POLVO À CAIS-DO-SODRÉ
Filetes de polvo crocantes honradamente acompanhados de migas de broa e grelos e uma salada daquelas que fazemos em casa.
CURURUCA-QUE-COROU
Podíamos chamar-lhe corvina mas achamos muito mais divertido chamar-lhe o nome que tem no Brasil. Malandrinho como deve ser, este arroz de cururuca é tudo de bom: simples, apetitoso e bem apurado, com lombinhos generosos corados na frigideira.
OH CHEFE!
Há muito que esperávamos o momento certo para dar aos nossos comensais um motivo para dizer “oh chefe” em tom de marisqueira. O momento chegou com esta açorda de gambas divinal, feita com caldo de marisco à séria, cheia de coentros e outras coisas boas.
CONSOLO NO CACHAÇO
O frio lá fora pede conforto, por isso temos ali na cozinha um tacho com um cachaço de porco guisado em lume brando, acompanhado de espargos salteados e puré de maçã e aipo. Se quiser também arranjamos uma mantinha, mas temos dúvidas que vá precisar.
AH LEÃO
Um bife de gente grande, cozinhado ao ponto, com tiras de presunto e molho de cerveja. É um bife tão à séria que é, claro, servido com batatas fritas caseiras.
FIZEMOS-LHE A CAMA
Andava para aí um pato todo emproado e fizemos-lhe a cama.
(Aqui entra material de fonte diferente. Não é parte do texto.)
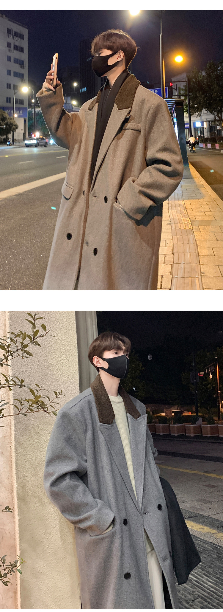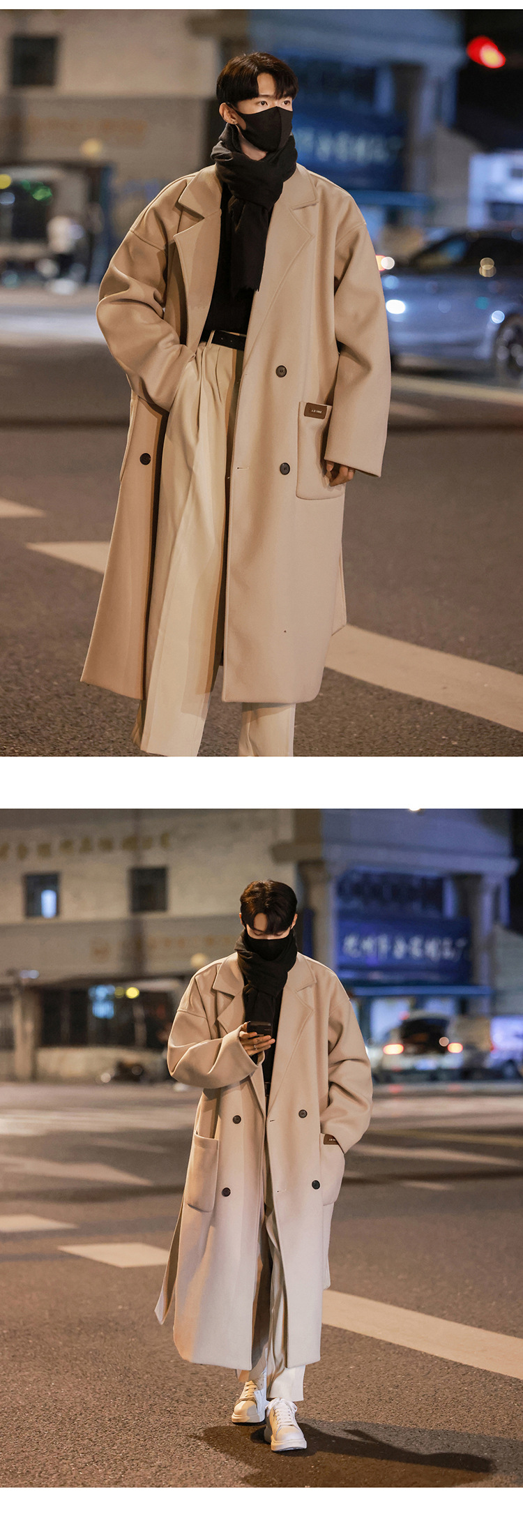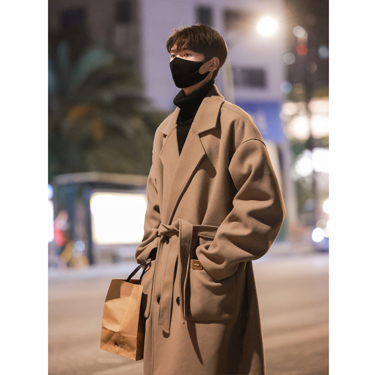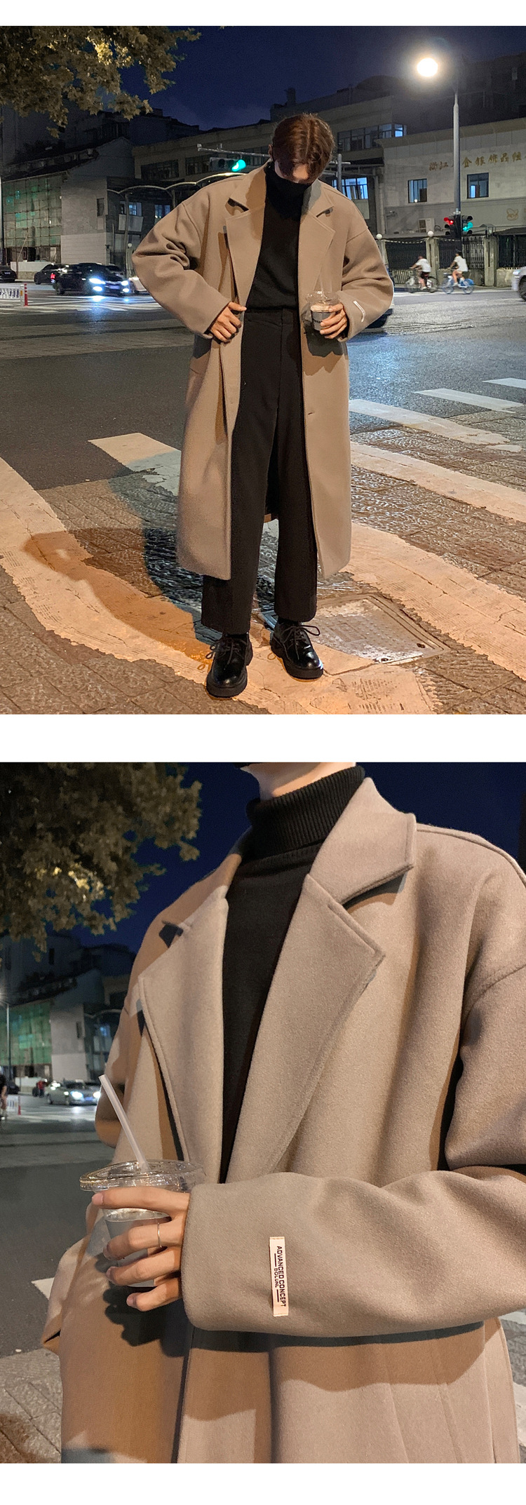 가을과 겨울 코트 남성과 여성의 무릎 길이 모직 코트 중간 길이 겨울 고급 모직 코트 남성용 트렌디 탑스토어 가기

Desfiado e estufadinho com alho francês, como deve ser, numa caixa de massa folhada que vai ao forno até estalar. Faz tremer os joelhos, mas asseguramos que não é de medo.
AI JESUS
O nosso bolo de chocolate denso e achatado devia ser ilegal. E para o tornar ainda mais decadente juntámos molho de laranja e gelado de baunilha.
NEWTON
Esta sobremesa é tudo menos um quebra-cabeças: uma tarte de maçã caseira, com puré e maçã laminada, acompanhada de uma bola de gelado.
O PADRINHO
Um tiramisú cremoso, feito com café acabado de tirar e com o cacau mais puro que conseguimos descobrir. Até estamos com um certo receio que os italianos descubram que o fazemos tão bem e nos venham cá dar uma lição.
PÕE-TE AQUI À MINHA BEIRA
Mousse de requeijão, espessa e aveludada, vem para a mesa colorida com um doce de abóbora caseiro que mais parece o da avó Preciosa.
CHAMAVA-LHE UM FIGUINHO
O nosso conselho é que não se distraia quando pedir esta sobremesa. Senão quando der por si, o vizinho do lado já lhe chamou um figuinho. É que esta deliciosa trouxa de massa filo com recheio de doce de figo tira qualquer um do sério.
RAINHA ISABEL
Se até aqui não sabia, vai perceber porque é que a Rainha de Inglaterra está sempre com um sorriso: é o segredo (até aqui bem guardado) do maravilhoso crumble de maçã, nozes e passas com uma bola de gelado de baunilha. Sem se dar conta, vai estar a acenar por mais.
BOLO DE QUEIJO COMO DIZEM OS AMERICANOS
É suave, é cremoso, vem de braço dado com uma compota jeitosa. É cheesecake.